Jay Franze:Well, hello, hello, hello and welcome to the show. I am Jay Franze and this is your Backstage Pass to the Music Industry. This week we get to talk with a singer, a songwriter and a recording artist. We get to talk with Danni Stefanetti. We'll talk to her about her latest single, rock and Roll in my Soul, her relationship and production process with Jeff Panzer, and we'll discuss what she may have done differently if she had recorded this song with a band. Now, danni, she's been on the show a couple times in the past and I can't wait to catch up with her tonight. So if you would like to join in, comment or fire off any questions, please head over to jayfranze. com. Now let's get started. So why don't we just jump in? You have a new single out Rock and Roll in my Soul.
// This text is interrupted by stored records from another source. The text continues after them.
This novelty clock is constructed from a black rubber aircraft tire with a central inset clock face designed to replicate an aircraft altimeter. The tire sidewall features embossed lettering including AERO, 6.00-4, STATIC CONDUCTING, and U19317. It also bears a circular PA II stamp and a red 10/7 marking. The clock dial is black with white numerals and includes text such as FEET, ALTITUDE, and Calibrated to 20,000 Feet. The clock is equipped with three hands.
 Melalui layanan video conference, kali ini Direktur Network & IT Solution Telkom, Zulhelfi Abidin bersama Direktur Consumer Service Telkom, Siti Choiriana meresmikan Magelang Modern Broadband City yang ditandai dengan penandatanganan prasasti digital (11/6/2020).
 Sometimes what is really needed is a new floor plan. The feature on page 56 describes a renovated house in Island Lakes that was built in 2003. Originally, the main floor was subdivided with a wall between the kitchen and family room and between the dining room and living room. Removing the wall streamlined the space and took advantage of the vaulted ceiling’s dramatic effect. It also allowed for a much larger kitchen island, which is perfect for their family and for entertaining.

Jay Franze:I do, let's go here and hear the backstory. How did this come about?
Danni Stefanetti:So I got back from Nashville, it was like March 2023. And this is before I was producing my record and learning how to engineer a mix and record from my home studio, even like building that. Before I was a teenager, I was doing eight-track and four-track recordings analog and backing, singing with myself as a guitar.
Jay Franze:This was in Australia.
Danni Stefanetti:Yeah, this was in Australia and this was when I was in primary school and high school. But then when I came out to America, it was like 2023, and I just got back from Nashville and I said to my manager, what are we going to do now? And he said you should do a rock record. And I said, oh, I haven't done that since I was 17, when I was in school, and those times, you know, I looked out the electric guitar and I was coming out of that folk balladeer era that I was in, you know, and it really got me out of my shell and I'm, you know, I was coming out of that folk balladeer era that I was in you know, and it really got me out of my shell and I went back to that and rock and roll in my soul was one of the last songs that I wrote.
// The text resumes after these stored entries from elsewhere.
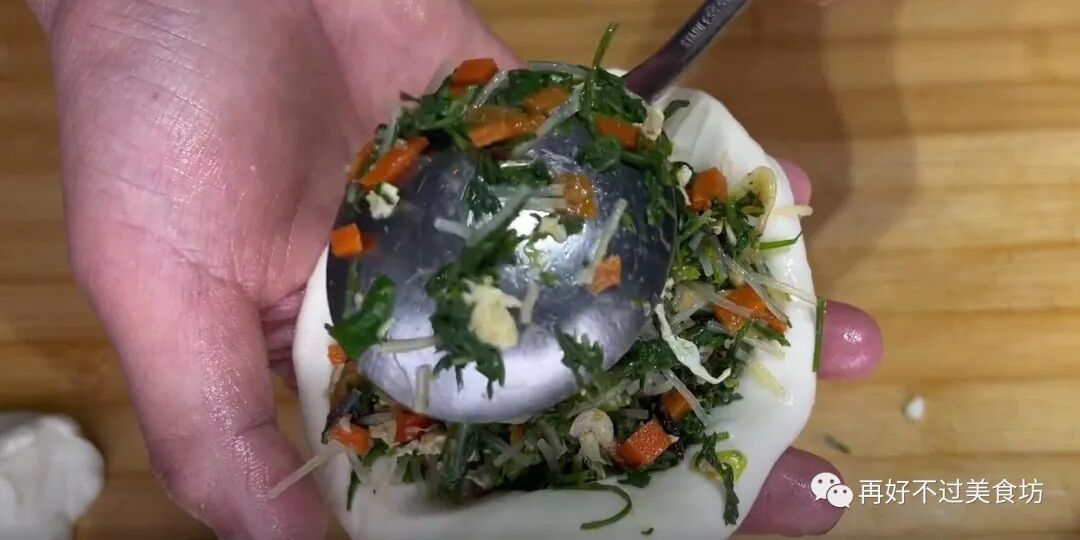 14、叠好后放在案板上,用掌心按扁,按成一个小圆饼,按好后,拿起来放在手心里面,再放上馅料,多放一点,用勺子按压紧实一点。
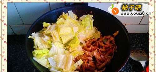 3将燃气调至中火,向锅内放进切好的白菜帮,翻炒至全部菜帮均匀上色。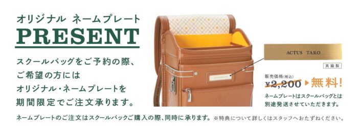2026年5月31日(日)までにスクールバッグをご予約の方はオリジナルネームプレートをプレゼント!真鍮製のネームプレートはバッグを開くたびに自慢したくなってしまうかも。期間限定の特別特典です。
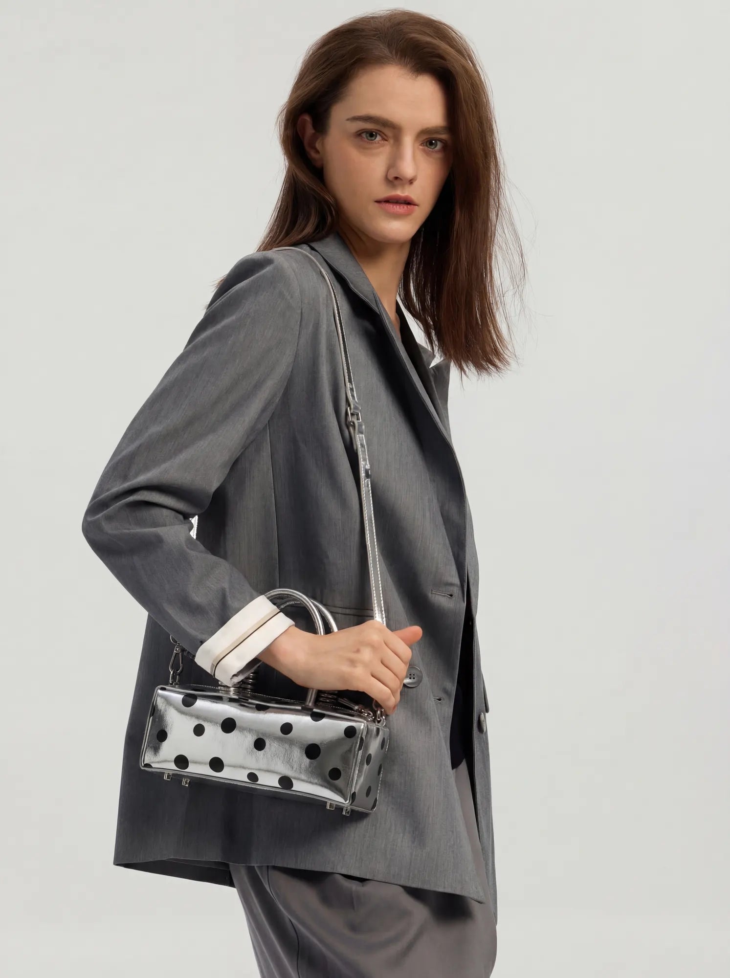The Bar Structured Baguette · Silver Polka Dot Leather

Danni Stefanetti:Over two, two afternoons I wrote six songs each day, prolifically. I just pressed voice memo and the songs just wrote themselves literally like like the melody, the chords and everything. It was like a download that just came out and then that was one of them, but it wasn't like my favourite or anything out of all of the 12. But I played it for my co-producer and he said he's worked with Stevie Wonder and a lot of Motown artists and he said that would sound great with horns like brass. I said, wow, I've never done that Interesting. And he said that would sound great with horns like brass.
Danni Stefanetti:I said wow, I've never done that Interesting. I said, but how are we going to do that? He's like, oh, you're going to learn how to do it and I was like what? And then I did and I listened to a lot of Chicago for reference and we literally like co-produced it over the phone and and like I was trying to work it out plug-ins and how to lay out thirds and fifths above, and I'm more a play-by-ear with the guitar, so this was a little bit like I nearly went crazy, like trying to do the horns, but we got there. We got there in the end. That's what it's about.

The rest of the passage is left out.